The genuine AdobeReader.dll file is a software component of Adobe Acrobat by Adobe Systems.
AdobeReader.dll is a DLL (Dynamic Link Library) file that is part of Adobe Acrobat, a group of software and web services created by Adobe, to create, view, modify and print files in the Portable Document Format (PDF). DLL files store data, code and resources needed by one or more programs in order to function correctly. This is not a critical Windows component and should be removed if known to cause problems. Adobe Acrobat comes bundles with Reader (formerly Acrobat Reader), a freeware tool that can view, print and annotate PDF files; Acrobat (formerly Acrobat Exchange), a paid software that can create PDF documents; and Acrobat.com, a file hosting service. Adobe Systems Incorporated is an American software giant that develops software products for web design, video editing, web hosting, image editing, servers, as well as formats such as Flash and PDF. The company was established in 1982 by Charles Geschke and John Warnockin and is currently headquartered in San Jose, California.
AdobeReader stands for Adobe Acrobat Reader Dynamic Link Library
AdobeReader.dll is a browser extension for Internet Explorer.
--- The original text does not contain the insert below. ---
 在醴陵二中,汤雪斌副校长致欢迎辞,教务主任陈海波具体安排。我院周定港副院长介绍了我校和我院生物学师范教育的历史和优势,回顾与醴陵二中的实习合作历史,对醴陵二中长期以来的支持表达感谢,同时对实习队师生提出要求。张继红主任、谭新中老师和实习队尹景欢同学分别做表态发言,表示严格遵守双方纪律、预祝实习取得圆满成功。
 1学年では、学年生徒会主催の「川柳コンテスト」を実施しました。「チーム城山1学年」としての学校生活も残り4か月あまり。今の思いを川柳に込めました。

This add-on enables several additional functions for Internet Explorer. You can disable it through the Extras menu (key combination Alt + X) under Manage Add-ons. The following paragraph provides more information about Adobe Portable Document Viewer.
The process known as For viewing and printing Adobe Portable Document Format (PDF) belongs to software Adobe Reader by Adobe (www.adobe.com) or Adobe Systems (www.adobe.com).
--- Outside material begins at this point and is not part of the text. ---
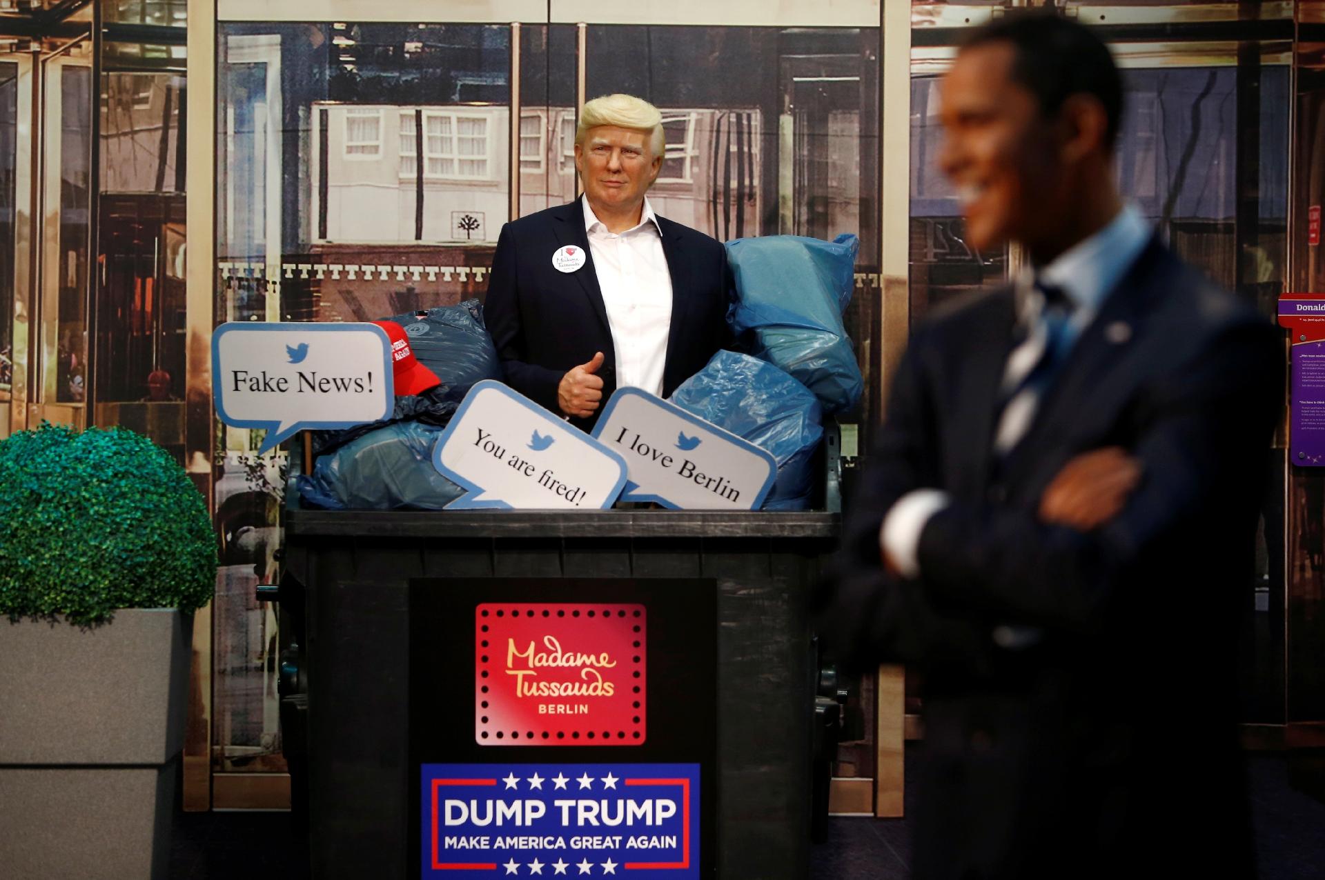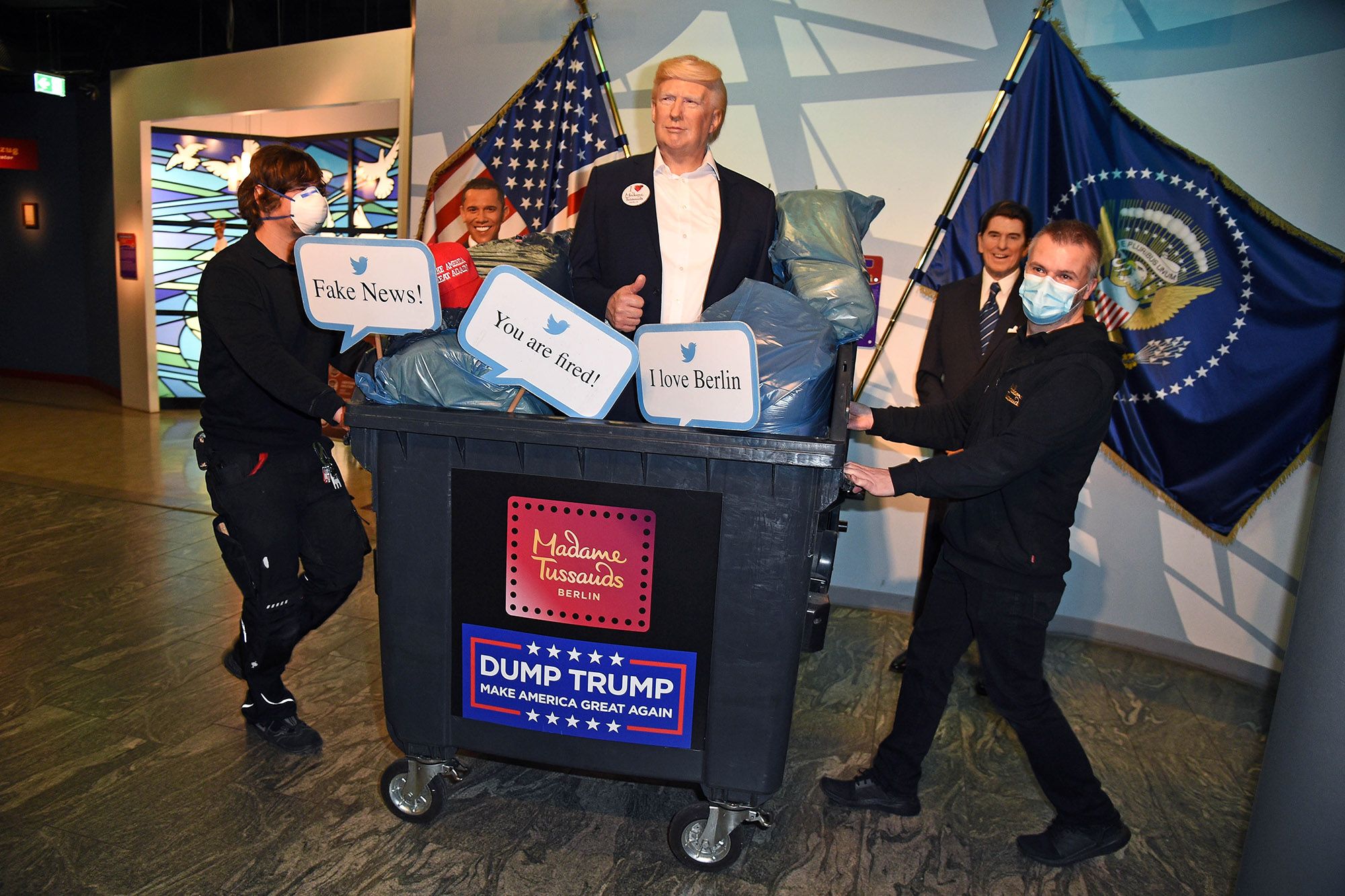 Já o museu da Alemanha colocou a estátua do atual presidente derrotado no lixo... literalmente

Description: AdobeReader.dll is not essential for the Windows OS and causes relatively few problems. AdobeReader.dll is located in a subfolder of the user's profile folder.
Known file sizes on Windows 10/8/7/XP are 543,232 bytes (50% of all occurrences), 542,208 bytes or 198,656 bytes.
This .dll file is a Browser Helper Object (BHO) that runs automatically every time you start your web browser. BHOs are not stopped by personal firewalls, because they are identified by the firewall as part of the browser itself. BHOs are often used by adware and spyware. IDs used by this BHO include 147FEC3F-6DE9-437C-8FC1-6B8A20AA0A72 or AC6401E9-813B-46DA-B06F-A4FFA2F9AE6D or 8C99B695-830A-49A7-BC91-851F96DD2846 or ABBBDB99-FD20-4E38-A2DE-18D9BB2948CC or C38E40BD-AF96-4006-8EED-B2F41315CEB9. The program has no visible window. The file is able to monitor web browsers. AdobeReader.dll is not a Windows system file. The service has no detailed description. Therefore the technical security rating is 64% dangerous.
Recommended: Identify AdobeReader.dll related errors
If AdobeReader.dll is located in a subfolder of "C:\Program Files", the security rating is 63% dangerous. The file size is 543,232 bytes (25% of all occurrences), 192,512 bytes, 193,024 bytes or 198,656 bytes. The program is not visible. The AdobeReader.dll file is able to monitor web browsers. AdobeReader.dll is not a Windows core file. There is no information about the author of the file.
Important: Some malware camouflages itself as AdobeReader.dll. Therefore, you should check the AdobeReader.dll process on your PC to see if it is a threat. If Adobe Portable Document Viewer has changed your browser's search engine and start page, you can recover your browser's default settings as follows:Reset default browser settings for Internet-Explorer ▾
The following programs have also been shown useful for a deeper analysis: ASecurity Task Manager examines the active AdobeReader process on your computer and clearly tells you what it is doing. Malwarebytes' well-known Banti-malware tool tells you if the AdobeReader.dll on your computer displays annoying ads, slowing it down. This type of unwanted adware program is not considered by some antivirus software to be a virus and is therefore not marked for cleanup.
A clean and tidy computer is the key requirement for avoiding PC trouble. This means running a scan for malware, cleaning your hard drive using 1cleanmgr and 2sfc /scannow, 3uninstalling programs that you no longer need, checking for Autostart programs (using 4msconfig) and enabling Windows' 5Automatic Update. Always remember to perform periodic backups, or at least to set restore points.
Should you experience an actual problem, try to recall the last thing you did, or the last thing you installed before the problem appeared for the first time. Use the 6resmon command to identify the processes that are causing your problem. Even for serious problems, rather than reinstalling Windows, you are better off repairing of your installation or, for Windows 8 and later versions, executing the 7DISM.exe /Online /Cleanup-image /Restorehealth command. This allows you to repair the operating system without losing data.